→ What this task involves: For the data below, transcribe the part that opens with the line containing "Rendez-vous dans le" and closes with the line containing "99%Looking for a", exactly and with no pictures.

→ Supplied information:
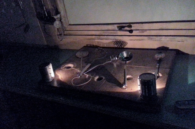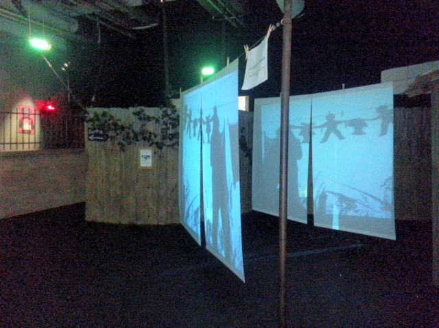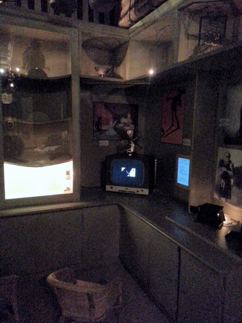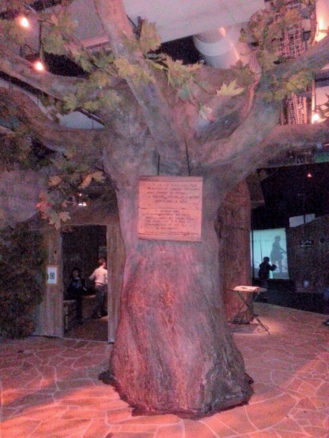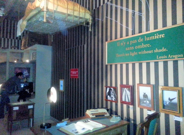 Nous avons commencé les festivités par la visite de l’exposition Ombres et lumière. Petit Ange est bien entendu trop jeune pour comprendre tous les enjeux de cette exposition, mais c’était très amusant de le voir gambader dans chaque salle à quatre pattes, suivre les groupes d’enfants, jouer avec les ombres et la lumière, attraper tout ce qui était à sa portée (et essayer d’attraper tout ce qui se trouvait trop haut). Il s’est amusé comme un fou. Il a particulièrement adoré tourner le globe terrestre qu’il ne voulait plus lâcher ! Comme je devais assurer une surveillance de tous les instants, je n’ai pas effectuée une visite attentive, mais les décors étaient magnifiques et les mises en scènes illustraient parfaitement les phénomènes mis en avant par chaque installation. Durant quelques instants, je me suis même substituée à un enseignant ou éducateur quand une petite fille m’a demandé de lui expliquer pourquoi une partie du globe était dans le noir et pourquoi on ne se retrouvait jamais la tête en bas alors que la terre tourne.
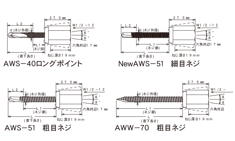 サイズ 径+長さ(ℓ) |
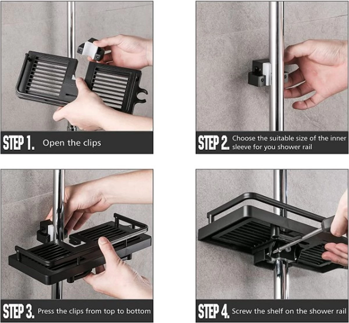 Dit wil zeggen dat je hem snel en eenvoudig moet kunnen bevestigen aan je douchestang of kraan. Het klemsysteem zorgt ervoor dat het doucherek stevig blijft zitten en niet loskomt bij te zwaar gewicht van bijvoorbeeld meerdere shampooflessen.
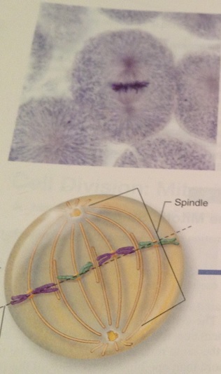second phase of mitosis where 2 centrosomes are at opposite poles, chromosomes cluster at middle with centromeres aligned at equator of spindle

---

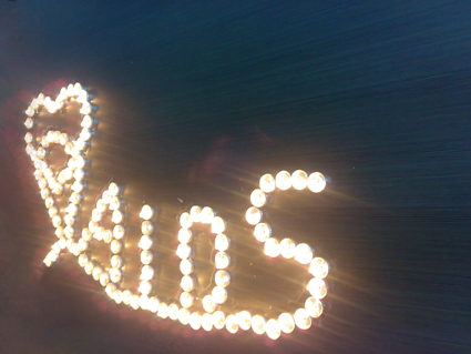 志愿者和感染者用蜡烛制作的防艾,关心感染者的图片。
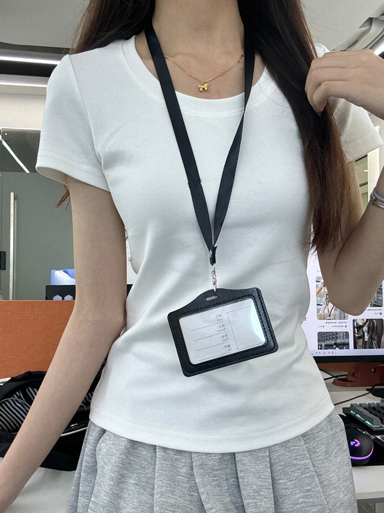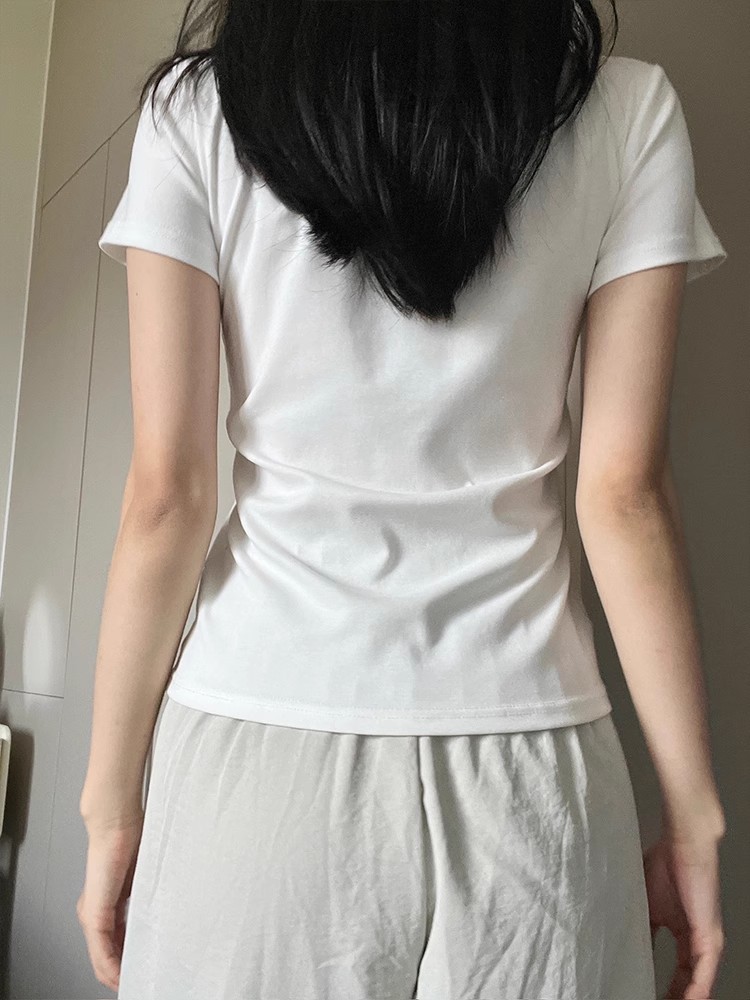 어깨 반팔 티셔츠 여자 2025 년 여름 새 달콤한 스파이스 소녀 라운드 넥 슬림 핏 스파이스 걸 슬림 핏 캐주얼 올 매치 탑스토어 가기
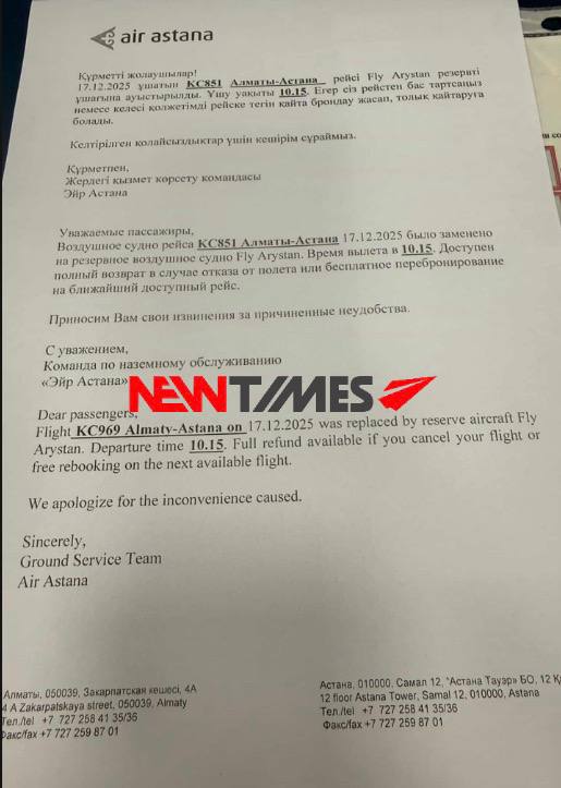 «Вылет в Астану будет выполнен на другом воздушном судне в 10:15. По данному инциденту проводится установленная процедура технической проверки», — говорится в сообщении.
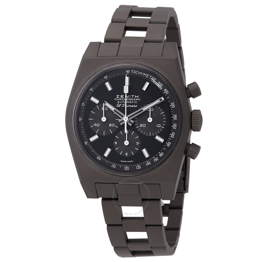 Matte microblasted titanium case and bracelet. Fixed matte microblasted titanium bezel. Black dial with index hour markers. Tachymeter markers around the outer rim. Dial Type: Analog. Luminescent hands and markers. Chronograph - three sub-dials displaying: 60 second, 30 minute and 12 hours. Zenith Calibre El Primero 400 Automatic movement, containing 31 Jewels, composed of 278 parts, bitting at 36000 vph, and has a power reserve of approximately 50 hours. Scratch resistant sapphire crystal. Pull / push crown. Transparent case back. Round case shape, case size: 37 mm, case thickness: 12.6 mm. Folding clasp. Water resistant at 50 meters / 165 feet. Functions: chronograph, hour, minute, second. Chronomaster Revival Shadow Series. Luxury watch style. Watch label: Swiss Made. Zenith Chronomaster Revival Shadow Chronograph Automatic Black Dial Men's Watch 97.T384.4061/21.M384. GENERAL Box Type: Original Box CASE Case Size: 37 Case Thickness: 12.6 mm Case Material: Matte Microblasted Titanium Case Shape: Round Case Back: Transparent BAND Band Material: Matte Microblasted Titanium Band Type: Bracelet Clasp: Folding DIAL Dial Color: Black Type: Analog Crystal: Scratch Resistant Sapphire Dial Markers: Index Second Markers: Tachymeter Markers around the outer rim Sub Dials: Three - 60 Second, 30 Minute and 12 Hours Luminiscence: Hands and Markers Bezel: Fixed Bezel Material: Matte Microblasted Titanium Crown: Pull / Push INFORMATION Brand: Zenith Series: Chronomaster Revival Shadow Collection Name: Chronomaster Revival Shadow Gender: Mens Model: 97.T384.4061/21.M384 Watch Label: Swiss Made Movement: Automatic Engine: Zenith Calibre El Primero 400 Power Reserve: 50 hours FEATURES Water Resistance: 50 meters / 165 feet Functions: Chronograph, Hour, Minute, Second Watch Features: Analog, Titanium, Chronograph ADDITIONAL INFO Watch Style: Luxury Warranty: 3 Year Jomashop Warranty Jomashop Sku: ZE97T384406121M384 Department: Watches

---

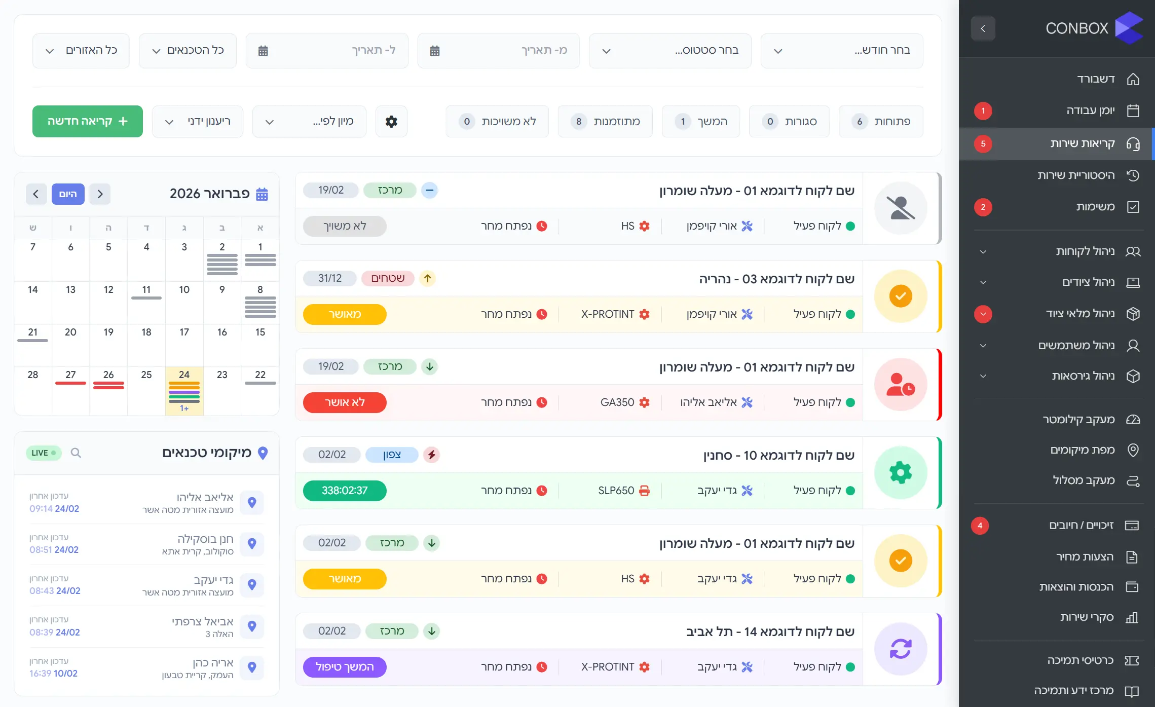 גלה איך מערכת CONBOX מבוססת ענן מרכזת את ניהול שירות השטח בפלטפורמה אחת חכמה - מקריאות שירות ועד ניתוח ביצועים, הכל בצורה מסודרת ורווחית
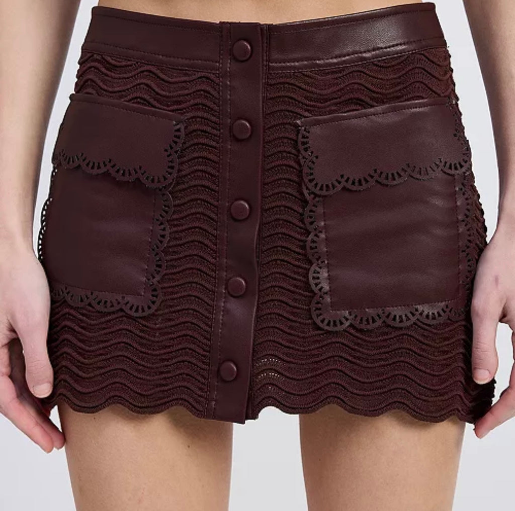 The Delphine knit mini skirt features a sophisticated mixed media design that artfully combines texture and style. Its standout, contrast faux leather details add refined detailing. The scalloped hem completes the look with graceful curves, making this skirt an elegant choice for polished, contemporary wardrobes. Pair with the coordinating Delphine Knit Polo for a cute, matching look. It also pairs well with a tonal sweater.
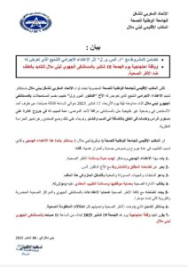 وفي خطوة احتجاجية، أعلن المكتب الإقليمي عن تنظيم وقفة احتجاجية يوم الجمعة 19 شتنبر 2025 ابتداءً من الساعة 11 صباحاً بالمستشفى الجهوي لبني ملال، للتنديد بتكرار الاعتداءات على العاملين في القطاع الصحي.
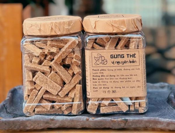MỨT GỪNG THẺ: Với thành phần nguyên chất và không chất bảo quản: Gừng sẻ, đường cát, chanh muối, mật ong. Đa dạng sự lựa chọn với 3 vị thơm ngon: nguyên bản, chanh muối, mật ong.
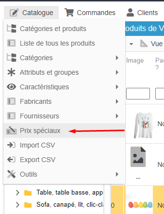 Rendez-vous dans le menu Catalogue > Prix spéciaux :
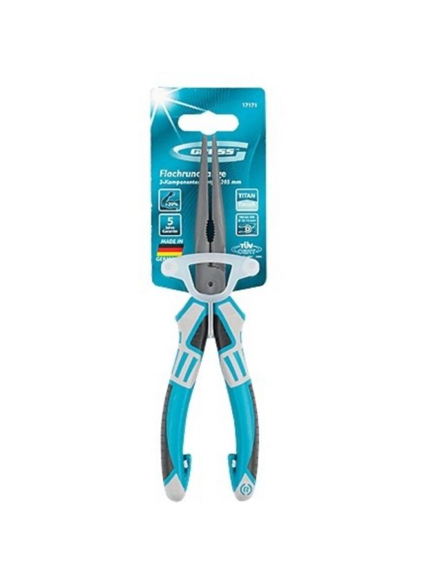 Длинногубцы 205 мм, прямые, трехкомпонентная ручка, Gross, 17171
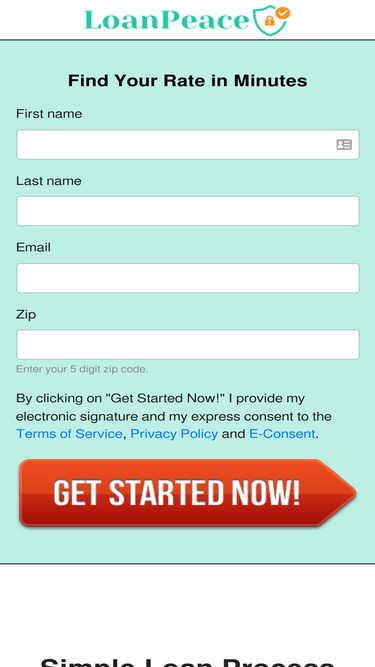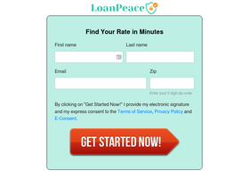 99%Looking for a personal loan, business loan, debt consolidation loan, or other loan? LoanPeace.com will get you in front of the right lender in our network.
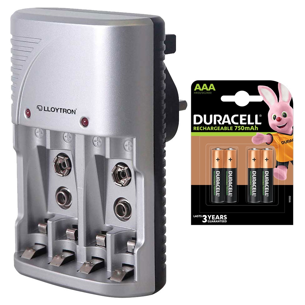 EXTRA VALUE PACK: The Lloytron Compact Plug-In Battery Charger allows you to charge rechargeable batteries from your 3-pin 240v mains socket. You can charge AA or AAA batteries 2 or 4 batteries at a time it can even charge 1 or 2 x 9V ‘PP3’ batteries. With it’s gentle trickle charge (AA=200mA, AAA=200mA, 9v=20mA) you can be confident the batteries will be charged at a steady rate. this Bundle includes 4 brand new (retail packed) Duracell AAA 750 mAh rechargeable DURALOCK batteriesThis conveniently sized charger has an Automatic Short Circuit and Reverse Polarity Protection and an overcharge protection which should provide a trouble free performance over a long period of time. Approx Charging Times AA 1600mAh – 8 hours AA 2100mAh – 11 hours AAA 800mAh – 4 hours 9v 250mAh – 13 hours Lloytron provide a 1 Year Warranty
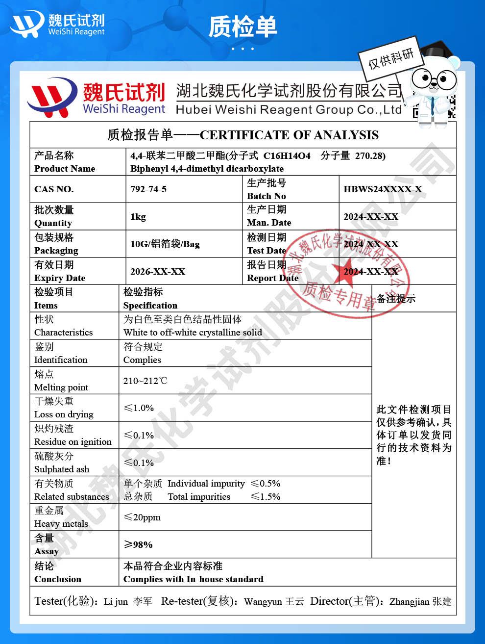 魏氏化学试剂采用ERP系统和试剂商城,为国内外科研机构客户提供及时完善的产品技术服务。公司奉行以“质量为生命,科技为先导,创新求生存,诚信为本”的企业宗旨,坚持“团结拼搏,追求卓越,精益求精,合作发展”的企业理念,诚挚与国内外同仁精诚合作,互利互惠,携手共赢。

→ Answer below:
 Rendez-vous dans le menu Catalogue > Prix spéciaux :
 Длинногубцы 205 мм, прямые, трехкомпонентная ручка, Gross, 17171
 99%Looking for a personal loan, business loan, debt consolidation loan, or other loan? LoanPeace.com will get you in front of the right lender in our network.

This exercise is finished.